I’ve been writing this affirmation in my journal every night for at least two years now to turn its wisdom into second nature: Every thought, feeling, sensation, and experience comes and goes like the ocean’s waves. This too shall pass. During my hardest moments, visualizing this imagery of the ebbs and flows of the tides really helps.
This seaside visual is uncoincidentally the first thing the viewer sees in Kenneth Lonergan’s 2016 film Manchester by the Sea. The film follows the story of a depressed and grieving janitor, Lee Chandler (Casey Affleck), living and working in Quincy, Massachusetts, which is about twenty-five or so minutes from my hometown. Lee becomes the legal guardian of his nephew Patrick (Lucas Hedges) after the passing of his brother Joe (Kyle Chandler). He then must move to Manchester-by-the-Sea, at least temporarily during that winter, to make funeral arrangements and care for Patrick. It is here where he runs into his ex-wife, Randi (Michelle Williams), and other painful reminders of his past, including an existential loss a few years prior
Although the titular location is a little over an hour from where I was born and raised, it captures the mundane beauty of living in a small town in New England like no other film, much to the credit of cinematographer Jody Lee Lipes. During some stretches of winters here, the days are as dim as the nights, bending the parameters of how much darkness a single day can stand to carry. Howling wind might sweep down the streets and make the earth our lives are grounded on quiver. Lakes and ponds that glistened under the summer sunshine not too long ago might go stagnant or frozen. In the dead of winter, the skin between my thumb and index finger always dries out, rough as sandpaper. Snow banks pile up at the edges of sidewalks before going gray and dying. I might daydream about spending my days writing in Cork—and I’ll get there again—but I know I wouldn’t want it any other way when I see the bare trees in my yard stand tall against falling snow, the ends of their branches budding with promises yet to be actualized.

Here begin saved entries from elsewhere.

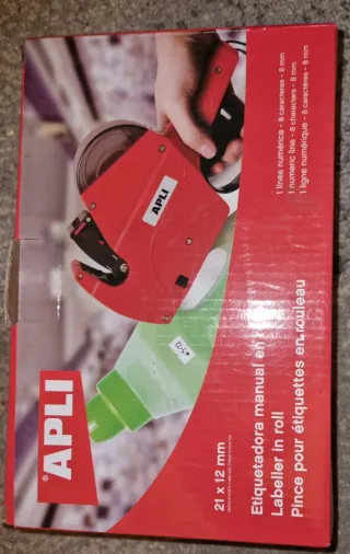 Máquina etiquetadora manual de la marca APLI. - Modelo: Etiquetadora manual en roll. - Medida de etiqueta: 21 x 12 mm. - Capacidad: 1 línea numérica de 8 caracteres.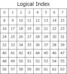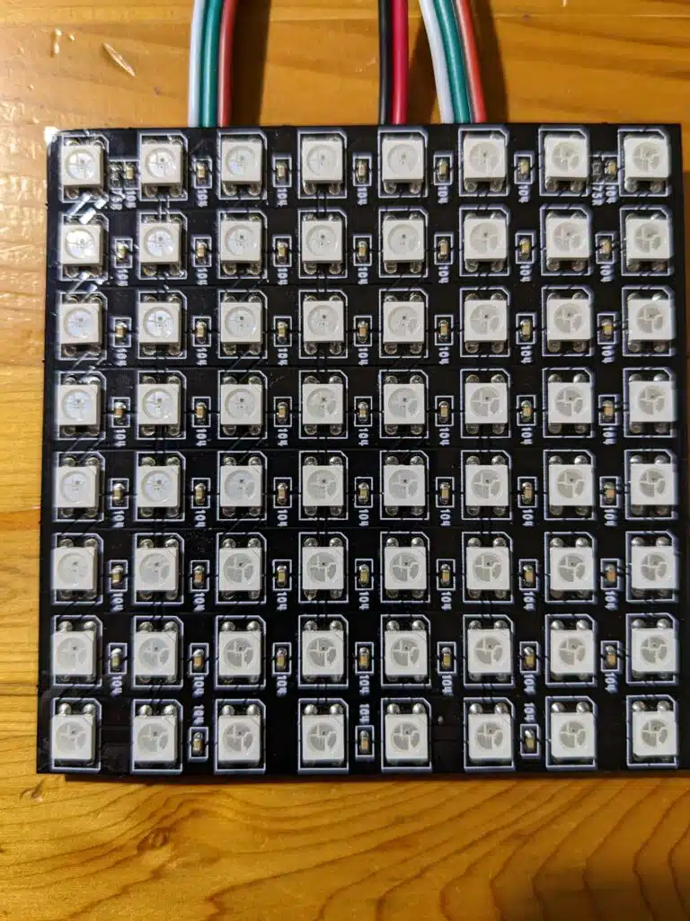 このLEDシートではWorldsemi社のWS2812Bというシリアル信号で制御可能なLEDが8行x8列、合計で64個搭載されています。64個のLEDをそれぞれ別々に制御することにより、様々なパターンを表示することができます。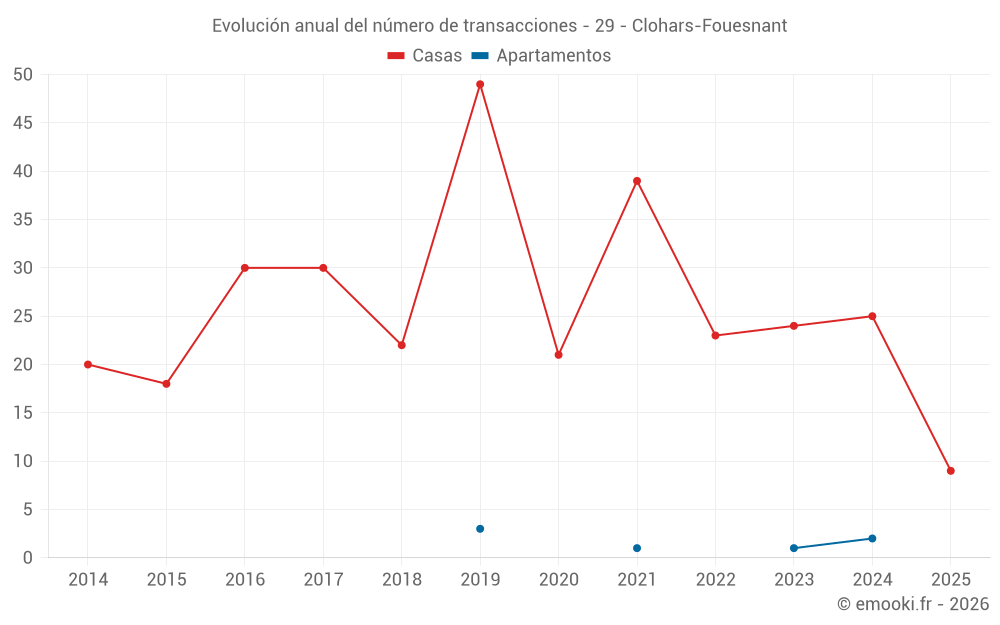 El precio mediano en las 26 transacciones de casas de los últimos 12 meses en la comuna de Clohars-Fouesnant fue de 2 624 € por metro cuadrado para un valor patrimonial medio de 257 500 €. Durante este período el 60% de las transacciones estuvieron entre 2 011 y 3 021 € por metro cuadrado (del 2º al 8º decil).
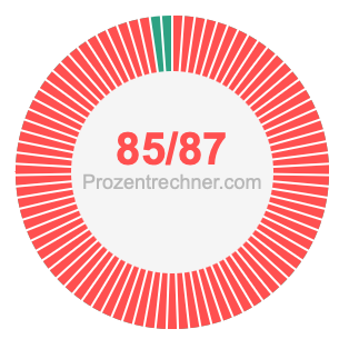 Was ist 85/87 in Prozent? Wie viel ist 85/87 in Prozent? Wie viel Prozent sind 85/87? Hier erklären und zeigen wir Ihnen, wie Sie 85/87 in Prozent berechnen und umrechnen können.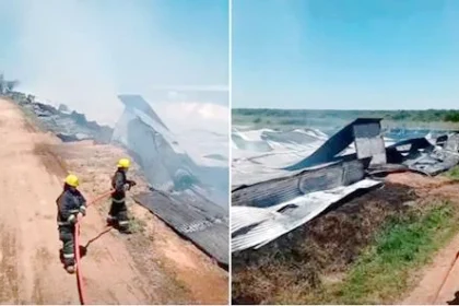 DPTO. FEDERAL: INCENDIO DESTRUYE GALPON PARA LA CRÍA DE POLLOS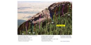 A description of existing routes on the same face of the rock formation, including the number of routes, route names, route grade, type [traditional or bolted], and approximate distance between routes (a photocopy or diagram of the existing route(s) is also required);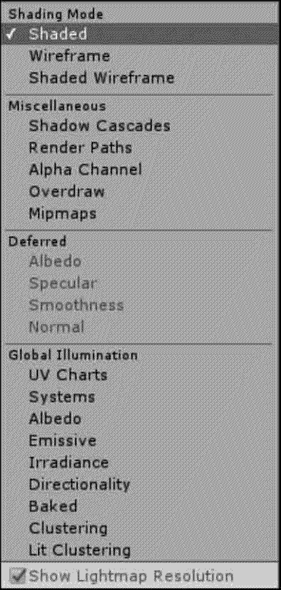 | Shaded | 着色模式(默认模式) | 所有游戏对象的贴图都正常显示 |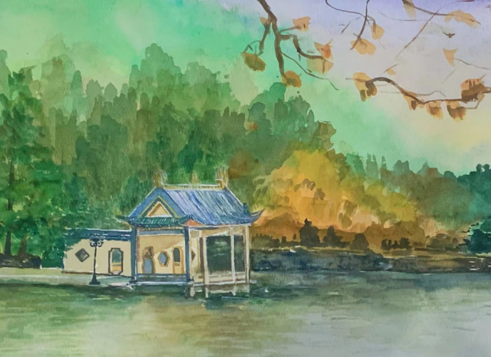 美术学专业《水彩风景写生》的课程,最主要的目标就是培养学生在大自然的环境中,运用细致的观察、整体的表现、色彩的丰富的构成,以及水彩特有的表现技法和个性语言来表现眼前三维立体的自然环境风光。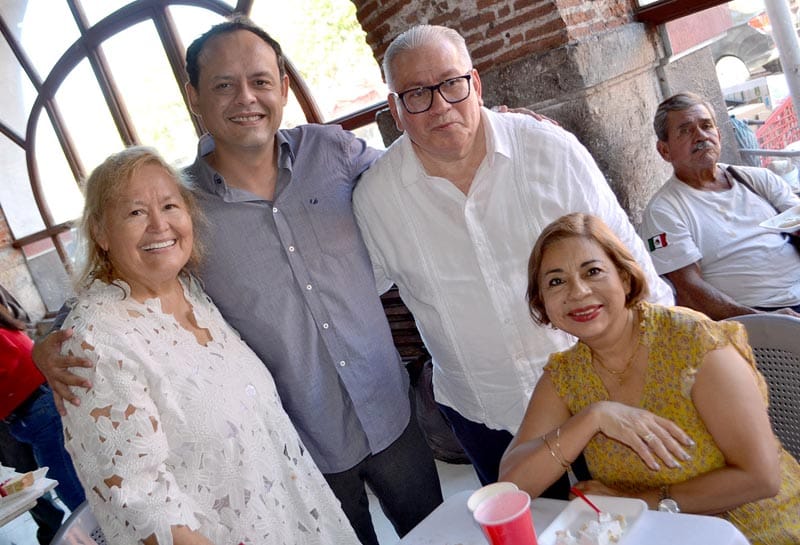 El ambigú del pachangón estuvo para chuparse los dedos: taquiza de guisados, frijolitos, zacahuil, spaguettis, tamales de elote y de masa, elotes con crema y chilito, pan de dulce, agua de jamaica, refrescos, cafecito del Gran Café de La Parroquia y qué decir de los cuatro pastelotes de aniversario, deliciosos; sin faltar el bailongo a ritmo de la orquesta La Sabrosura, el cantante versátil Saúl Rivera Zapata, Forever R&R y el tecladista Alfonso Aguirre.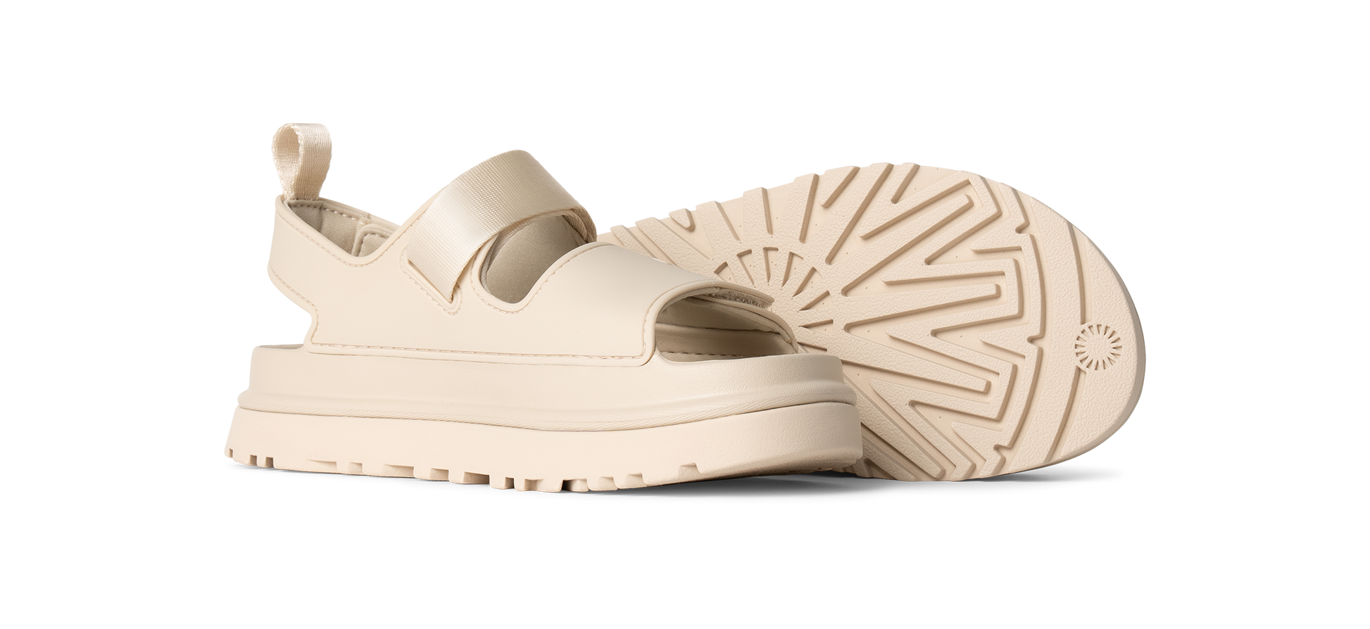 Bask in the GoldenGlow. It's our It-Girl Sandal. Slip right in and go with this super lightweight summer star. You bring the confidence She'll bring the bold. Our GoldenGlow is a fully adjustable sandal. It's made from springy and supportive sugarcane EVA that's ready to wear through rain and shine. Stacked on a platform with a lug sole and complete with a grippy footbed, this pair looks as dynamic as it'll make you feel.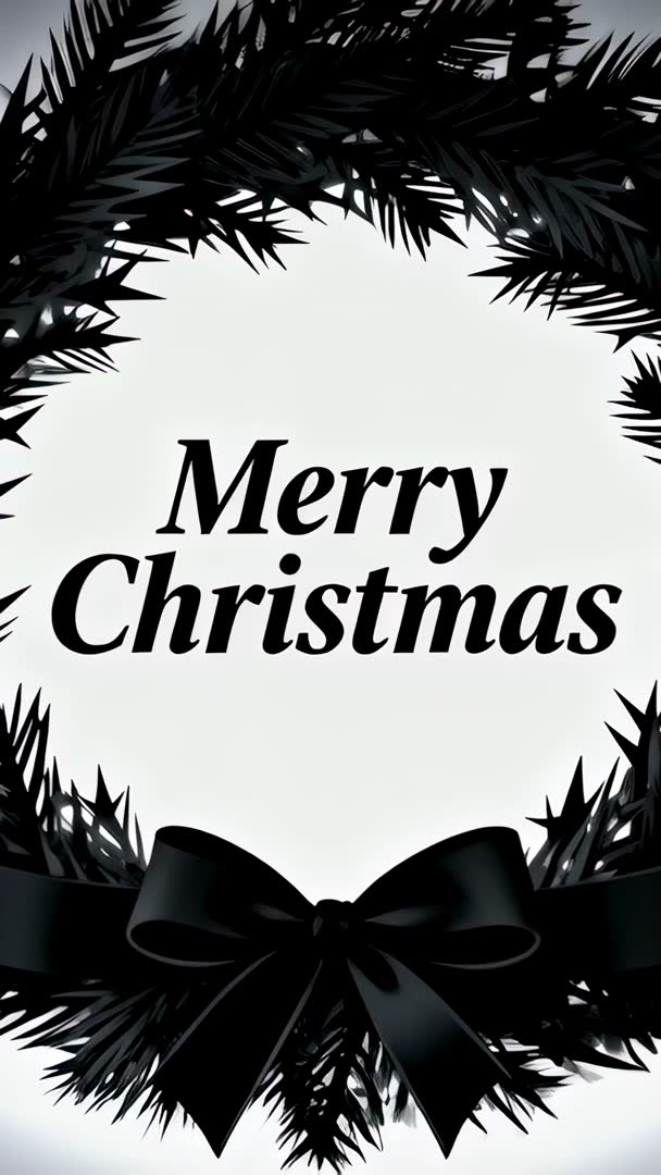 AI Generated Video. Video showing pulsing black wreath and swaying satin bow framing serif Merry Christmas headline on clean white background. Motion creating elegant monochrome holiday mood for luxury brands, boutique retailers, corporate greetings. Useful for Instagram Story, TikTok, Facebook Story, mobile ad, e-card header, email banner, website hero, digital signage. File allowing looping playback, headline text swap, and brand logo overlay. Color palette permitting quick recolor to classic red, green, or gold variants. Motion timing and rhythm fitting overlaying holiday music or short voiceover. Portrait 9:16 composition optimizing engagement for mobile-first campaigns and vertical reel placements.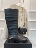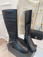 Chanel 女士黑色链条踝靴 1.5 英寸/ 4 厘米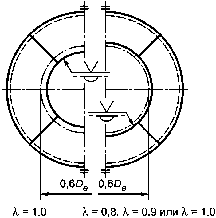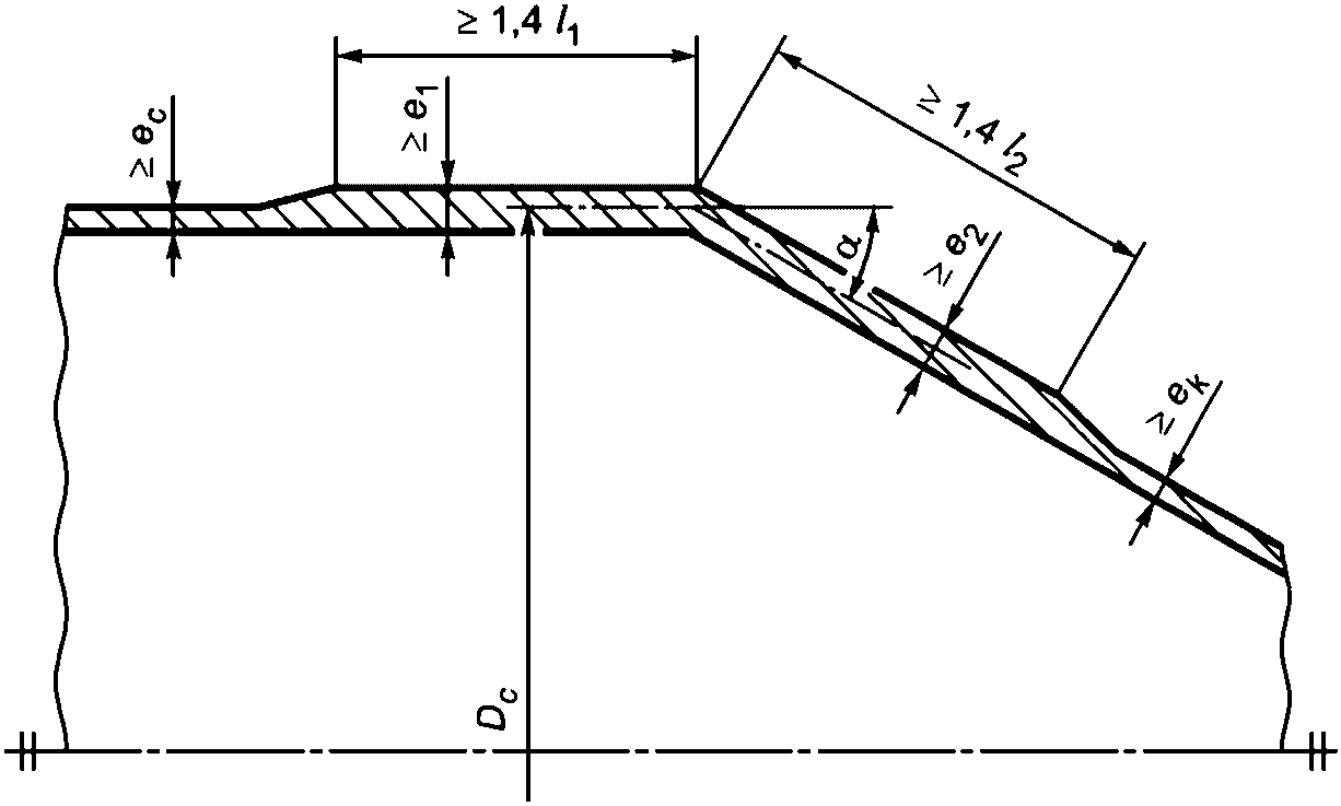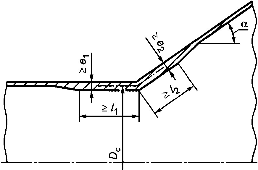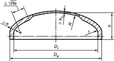 Сферические днища и перегородки могут считаться устойчивыми к ударному давлению взрыва при соблюдении следующих условий, даже если расчет приводил бы к более высокой толщине стенок, чем предусмотрено для цилиндрической части цистерны: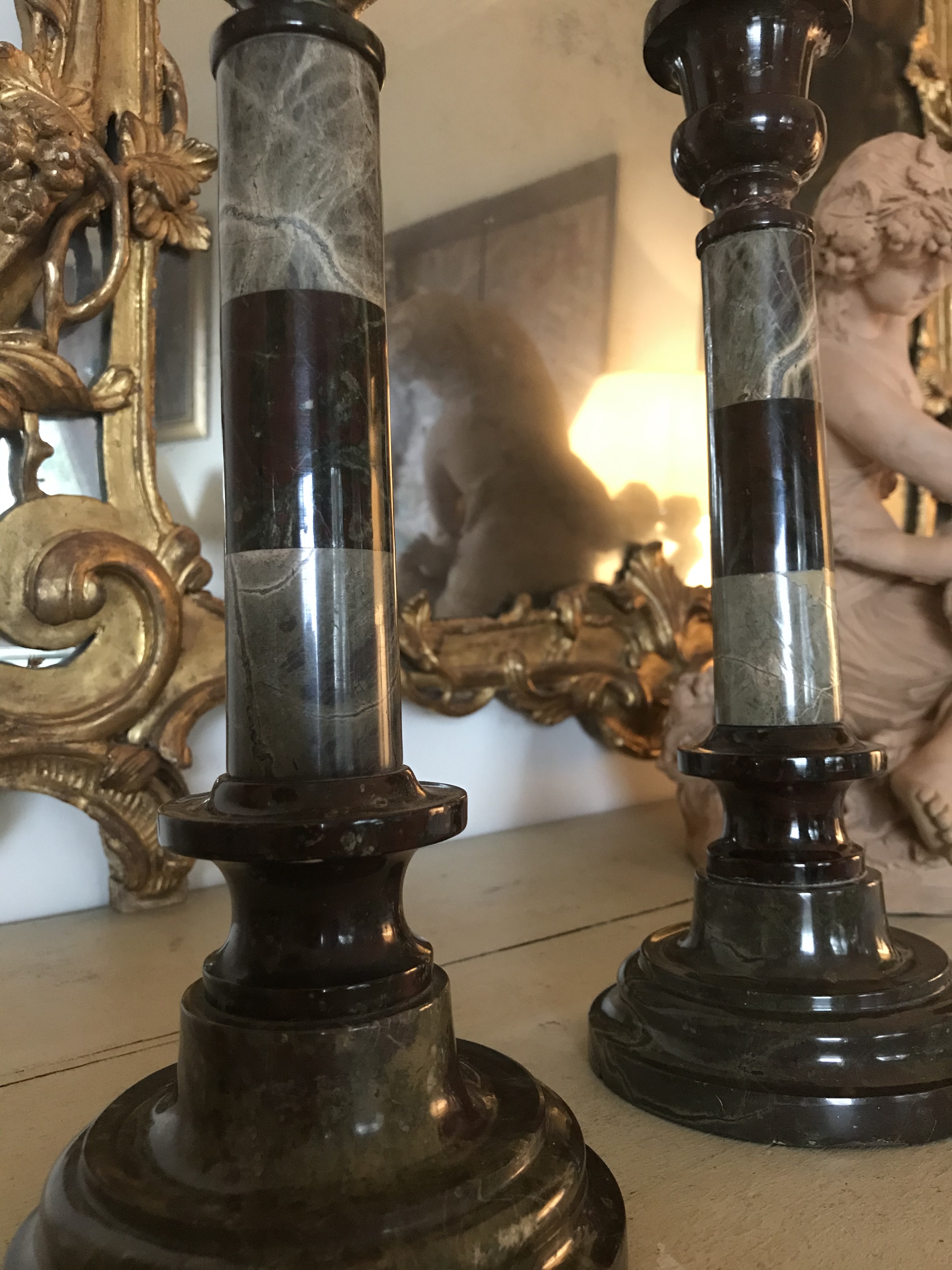 Large pair of bi color marble candlesticks (campan red and sarrancolin)
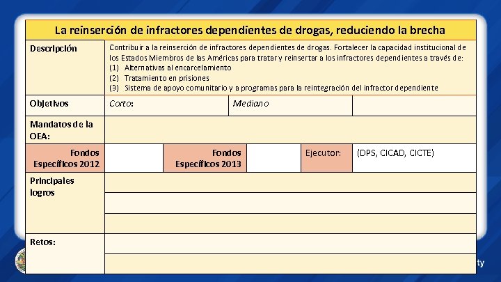 La reinserción de infractores dependientes de drogas, reduciendo la brecha Descripción Contribuir a la reinserción de infractores dependientes de drogas. Fortalecer la capacidad institucional de los Estados Miembros de las Américas para tratar y reinsertar a los infractores dependientes a través de: (1) Alternativas al encarcelamiento (2) Tratamiento en prisiones (3) Sistema de apoyo comunitario y a programas para la reintegración del infractor dependiente Objetivos Corto: Mediano Mandatos de la OEA: Fondos Específicos 2012 Principales logros Retos: Fondos Específicos 2013 Ejecutor: (DPS, CICAD, CICTE)

Combining the authenticity of the setting with its familiar sense of humor, I still can’t say Manchester by the Sea feels like home. The film feels more like returning to a place I once called home—the house I lived in for the first seven years of my life or my junior and senior year dorm rooms where I experienced some of my happiest memories yet—and wishing I could spend one more night.
This is probably why I decided to watch the film for the first time as a lonely college freshman. By the time Lesley Barber’s hauntingly beautiful “Manchester by the Sea Chorale” played over the end credits, I knew I had found a new favorite movie—not just because it patched up my homesickness. I was eighteen, still caught up in guilt from something that happened to a friend two years prior; it could be best described as life-disrupting. I convinced myself I could see the blame in her family’s eyes when we encountered each other at cross-country meets, at the YMCA, or at the grocery store. Of course, I blamed myself more than they ever could, for a very long time after. It wasn’t healthy for my developing brain at age sixteen to carry around that much guilt, all of it unnecessary. Now and then, I still have nightmares where I am responsible for a living being and fail horribly, the results catastrophic.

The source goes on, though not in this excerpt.